> WORK INSTRUCTION
Could you give back exactly the lines below from the one with "社員11名を対象に、SHIN" through the one with "カルビーのポテトチップスは芋", without a single picture?

> DATA TO PROCESS

=== Begin Enclosure ===

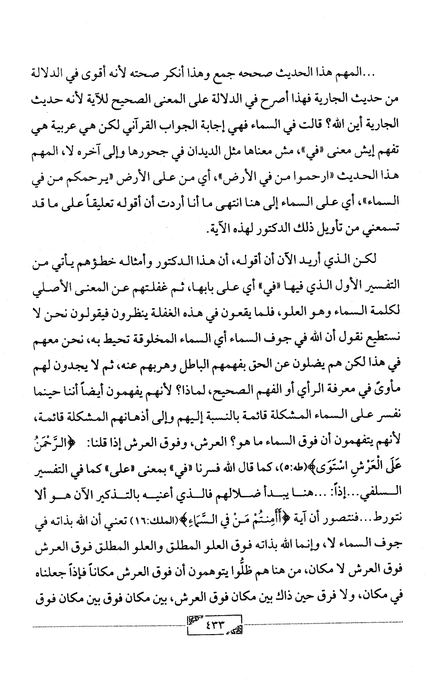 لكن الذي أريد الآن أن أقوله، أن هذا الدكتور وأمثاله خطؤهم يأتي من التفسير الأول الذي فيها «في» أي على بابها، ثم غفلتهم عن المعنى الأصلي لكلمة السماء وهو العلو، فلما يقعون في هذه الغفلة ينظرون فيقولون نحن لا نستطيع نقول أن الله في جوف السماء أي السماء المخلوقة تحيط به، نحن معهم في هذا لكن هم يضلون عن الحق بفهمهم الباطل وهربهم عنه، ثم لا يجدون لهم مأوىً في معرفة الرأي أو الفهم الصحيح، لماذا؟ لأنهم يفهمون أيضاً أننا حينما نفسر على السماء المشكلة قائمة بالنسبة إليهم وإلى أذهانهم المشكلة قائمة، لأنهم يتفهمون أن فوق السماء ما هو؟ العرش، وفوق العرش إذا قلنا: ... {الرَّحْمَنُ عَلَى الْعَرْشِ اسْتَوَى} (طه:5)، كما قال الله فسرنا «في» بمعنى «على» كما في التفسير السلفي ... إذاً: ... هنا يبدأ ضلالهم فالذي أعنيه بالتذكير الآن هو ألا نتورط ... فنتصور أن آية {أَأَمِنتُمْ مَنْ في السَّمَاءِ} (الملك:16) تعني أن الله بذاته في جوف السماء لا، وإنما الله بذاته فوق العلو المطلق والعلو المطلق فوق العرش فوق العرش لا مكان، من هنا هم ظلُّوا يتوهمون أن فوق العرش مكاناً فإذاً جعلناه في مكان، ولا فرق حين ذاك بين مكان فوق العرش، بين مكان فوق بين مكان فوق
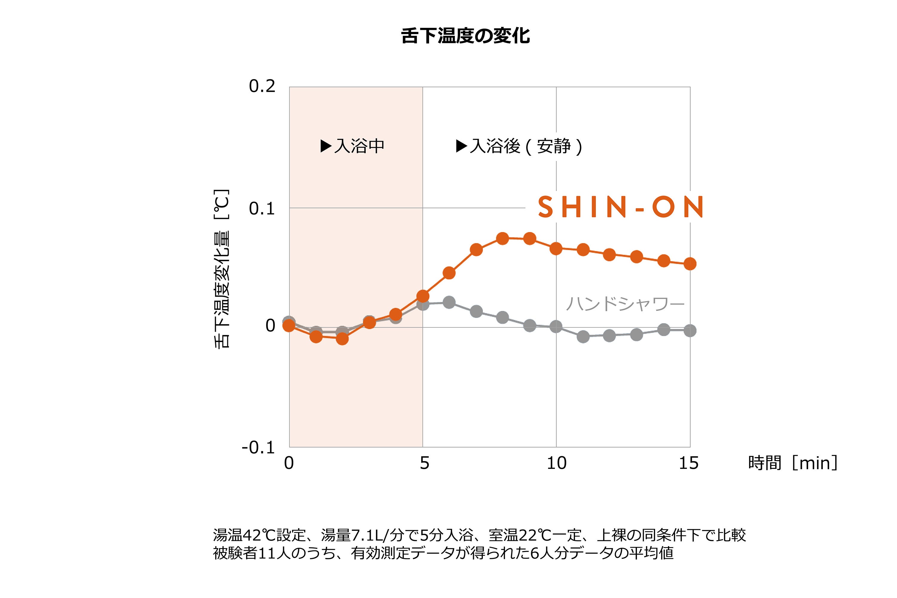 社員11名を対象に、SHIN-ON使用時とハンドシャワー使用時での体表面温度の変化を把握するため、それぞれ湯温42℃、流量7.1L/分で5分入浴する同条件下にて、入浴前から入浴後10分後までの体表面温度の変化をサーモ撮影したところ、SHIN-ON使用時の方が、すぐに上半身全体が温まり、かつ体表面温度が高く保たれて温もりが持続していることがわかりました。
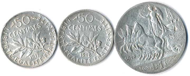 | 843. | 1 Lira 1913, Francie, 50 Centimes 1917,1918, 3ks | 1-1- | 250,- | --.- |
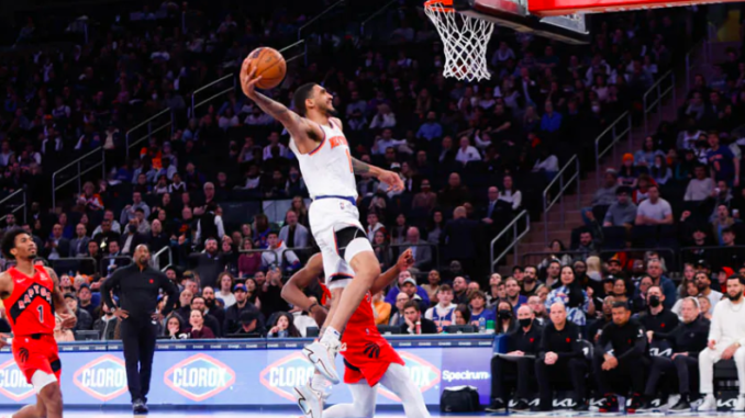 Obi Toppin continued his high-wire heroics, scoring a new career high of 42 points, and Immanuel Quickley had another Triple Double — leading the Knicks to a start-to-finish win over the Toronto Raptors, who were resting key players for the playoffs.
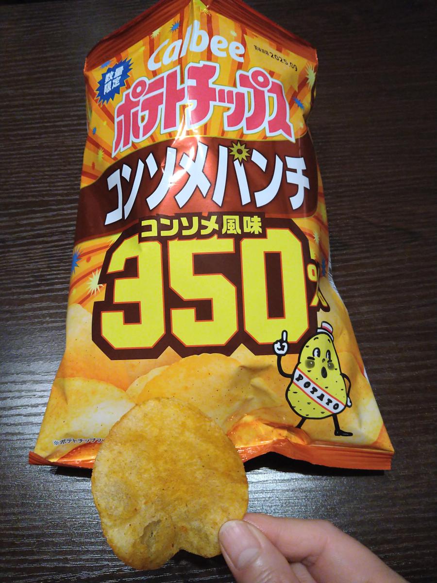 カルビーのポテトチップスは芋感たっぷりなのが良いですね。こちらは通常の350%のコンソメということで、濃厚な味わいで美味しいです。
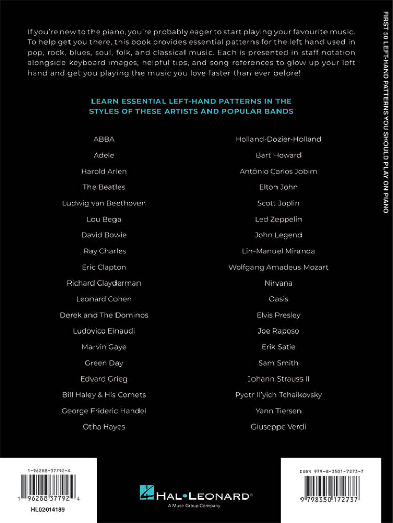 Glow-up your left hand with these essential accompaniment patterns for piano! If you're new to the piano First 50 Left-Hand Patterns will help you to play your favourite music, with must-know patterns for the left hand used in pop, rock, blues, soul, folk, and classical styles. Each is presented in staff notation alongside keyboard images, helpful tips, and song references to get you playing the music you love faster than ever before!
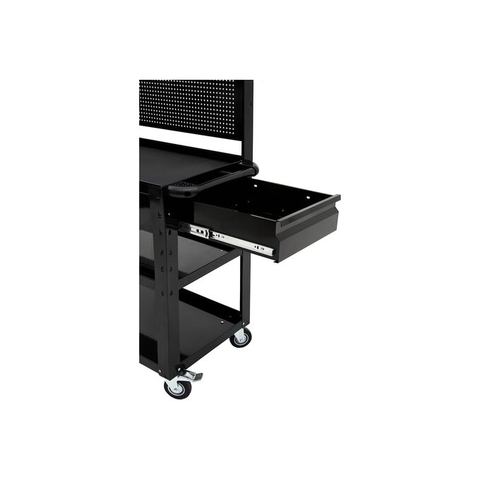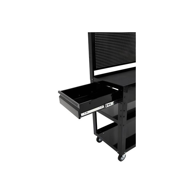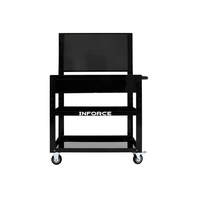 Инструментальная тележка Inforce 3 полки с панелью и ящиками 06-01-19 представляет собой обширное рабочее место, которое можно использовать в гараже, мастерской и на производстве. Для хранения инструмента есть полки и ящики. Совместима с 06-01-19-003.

=== End Enclosure ===

> TASK OUTPUT
 社員11名を対象に、SHIN-ON使用時とハンドシャワー使用時での体表面温度の変化を把握するため、それぞれ湯温42℃、流量7.1L/分で5分入浴する同条件下にて、入浴前から入浴後10分後までの体表面温度の変化をサーモ撮影したところ、SHIN-ON使用時の方が、すぐに上半身全体が温まり、かつ体表面温度が高く保たれて温もりが持続していることがわかりました。
 | 843. | 1 Lira 1913, Francie, 50 Centimes 1917,1918, 3ks | 1-1- | 250,- | --.- |
 Obi Toppin continued his high-wire heroics, scoring a new career high of 42 points, and Immanuel Quickley had another Triple Double — leading the Knicks to a start-to-finish win over the Toronto Raptors, who were resting key players for the playoffs.
 カルビーのポテトチップスは芋感たっぷりなのが良いですね。こちらは通常の350%のコンソメということで、濃厚な味わいで美味しいです。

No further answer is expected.